2

I am experiencing a strange condition with our HP G1 lefthand SAN cluster. The cluster consists of 4 nodes across two sites, two nodes ( node 1 & 2 )in each site are RAID5 across the pair, and these are mirrored into our DR site (Node 3 & 4 ).

Node 3 in the DR site is reporting degraded in the CMC, however when inspecting the disks in the CMC all disks are reporting "Health Normal" with a status of "active"

/dev/cciss/c0d1 in the RAID setup is reporting degraded, and the disks on this controller are reporting "safe to remove" as "no"

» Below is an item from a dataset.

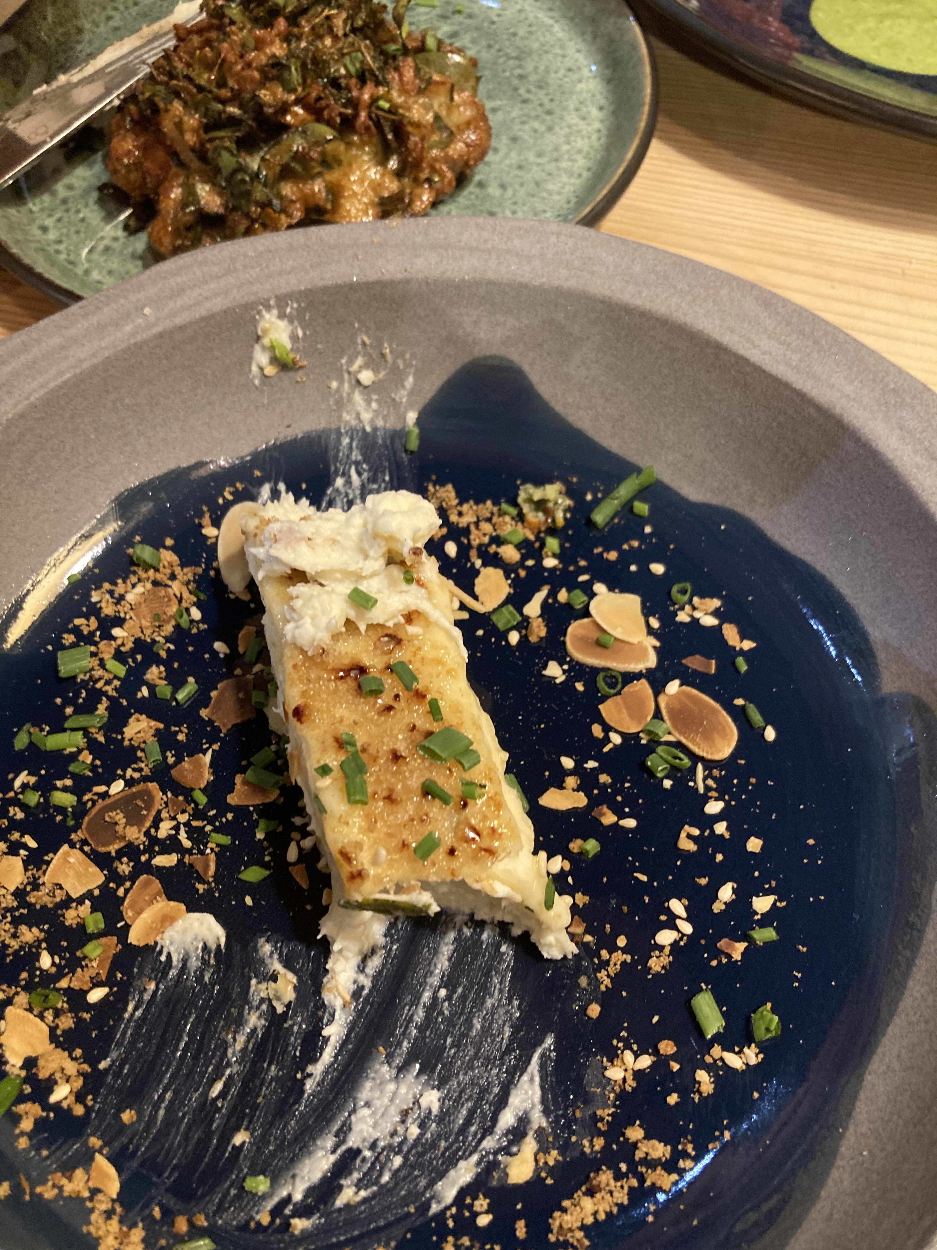 La nourriture très savoureuse, le plateau de crudités falafel, etc. était magnifique. Les raviolis étaient fantastiques. Mais le point culminant était les desserts, la tranche de caramel au chocolat et la meilleure madeleine que j'ai jamais mangée.

Does anyone ave any insight into what might be going on, the device is out of warranty period.

3 Answers3

1

From My experience you should login to the System Insight Management Page

https://xxx.xxx.xxx:2381 x= ip address of the nodes user "sanmon" password "sanmon"

Check the disks status and the raid controllers status.

My guess you will find there your problem.

John
  • 391
  • 1
  • 4
0

This sounds like a firmware issue with either a drive, backplane, or RAID controller. You have a bad drive but something is preventing the correct reporting of the failure.

I recommend that you check your firmware from top to bottom and upgrade as necessary. HP has a document that lists the supported and recommended firmware levels for their hardware. The document is buried on their site so calling in and asking for the latest version is the best way to get it. Be very careful about the order you apply your firmware updates. There are a couple of specific upgrade steps that if not followed will result in a bricked motherboard or controller.

If you're feeling adventurous, just reboot the node in question. The bad drive will probably show up during the RAID init.

longneck
  • 22,793
  • 4
  • 50
  • 84
0

If the device /dev/cciss/c0d1 is degraded that's mean you have some hardware issue on the disks.

The support need to check the ADU report and found out which disks reporting Read errors.

If you have multiple disks with error and need to be replaced, support can make this storage node into repair mode, replace faulty disks, reconfigure the RAID and finally restripe node from surviving cluster nodes (believe that you don't have any NRAID0 volumes)

Nixphoe
  • 4,524
  • 7
  • 32
  • 51